Local AI You want private local inference through Ollama, LM Studio, llama.cpp, vLLM, SGLang, or another OpenAI-compatible server. No provider key required.
Claude account OAuth You already use Claude Code and want Anthropic models without managing a separate Anthropic API key. Local Claude Code credentials or an OAuth token reference.
Codex account sign-in You want optional coding-agent delegation through the installed Codex CLI. Local Codex CLI session. Not the default WebChat model provider.

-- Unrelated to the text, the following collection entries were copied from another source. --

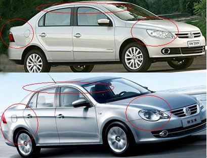 而新宝来的设计由于是德国设计师一手操办的,设计起来可谓得心应手,如果不是一汽在研发上的软肋耽误了时间,可能新宝来的推出时间要大大早于朗逸。仔细看新宝来的设计思路,有不少大众本身已有车型的影子,POLO、途安、EOS这些A0和A级车的影子都能在新宝来身上找到。但是似乎都不是特别像。一汽大众在公关宣传上将新宝来和EOS挂钩捆绑,无疑是在自己脸上贴金(就好比当初朗逸亮相时号称自己小辉腾一样)。实际上德国的这位设计偷了个小小的懒。如果大家注意到新的三厢高尔(两厢新高尔已经在巴西上市)的时候,将会发现,其前脸、尾部和侧面几乎惊人一致,特别是后门折线的地方,完全雷同。可以看出,德国人用了新三厢高尔的整体造型换了一个途安的大灯而已。也就是说德国大众的设计师是用一种传承现有A0与A级车经典元素进行混合的理念来设计新宝来的。这个设计理念旨在打造一款拥有多种经典要素的朴实无华的车型。
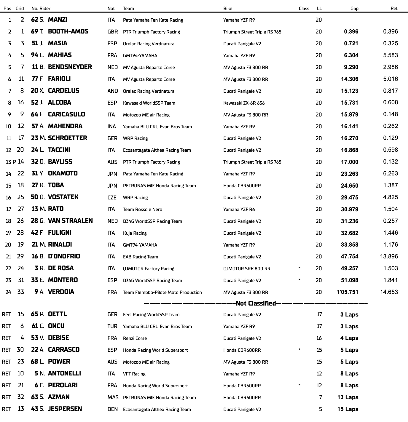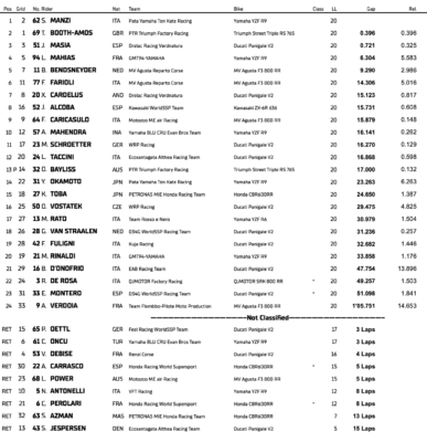 Lucas Mahias (GMT94-YAMAHA) a terminé à la quatrième place, signant son troisième résultat similaire de la saison. Bo Bendsneyder (MV Agusta Reparto Corse), après un mauvais départ, a dû se contenter de la cinquième position, tandis que son coéquipier Filippo Farioli, sanctionné d’un Long Lap Penalty, termine sixième.
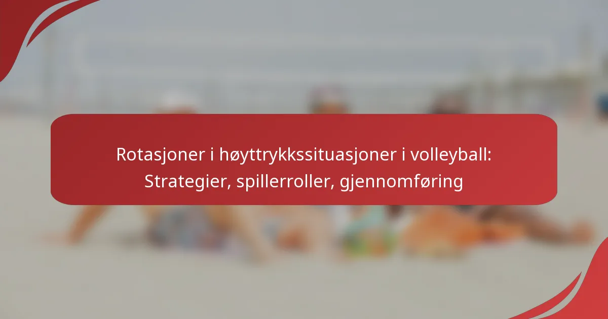 I høytrykks volleyballsituasjoner er effektive spillerrotasjoner avgjørende for å opprettholde lagets ytelse og tilpasse seg de raske dynamikkene i spillet. Ved å forstå individuelle roller, bruke strategiske timeouts og fremme klar kommunikasjon, kan lagene utføre sine rotasjoner med presisjon, og sikre at de reagerer dyktig på utfordringer på banen.

For API key or local setup:

  1. Choose Online and add an API key, or choose Local.
  2. For Local, select Check this PC to inspect installed models, available RAM and VRAM, and detected runtimes.
  3. Run the recommended Ollama or llama-server command, then select Use this setup.
  4. Run validation, then open WebChat and send a message.

For Claude account OAuth:

  1. Install and sign in to Claude Code on the same Windows user that runs disp8ch.
  2. Keep the Claude Code credential file private. Do not copy .claude, OAuth token files, or auth JSON into the repo.
  3. In disp8ch, select or add an Anthropic model in Settings -> Models.
  4. If the model form asks for a credential, use an environment or secret reference such as env:ANTHROPIC_TOKEN, env:ANTHROPIC_OAUTH_TOKEN, env:CLAUDE_CODE_OAUTH_TOKEN, or secret:CLAUDE_CODE_OAUTH_TOKEN.
  5. Run the model test before using the model in WebChat or workflows.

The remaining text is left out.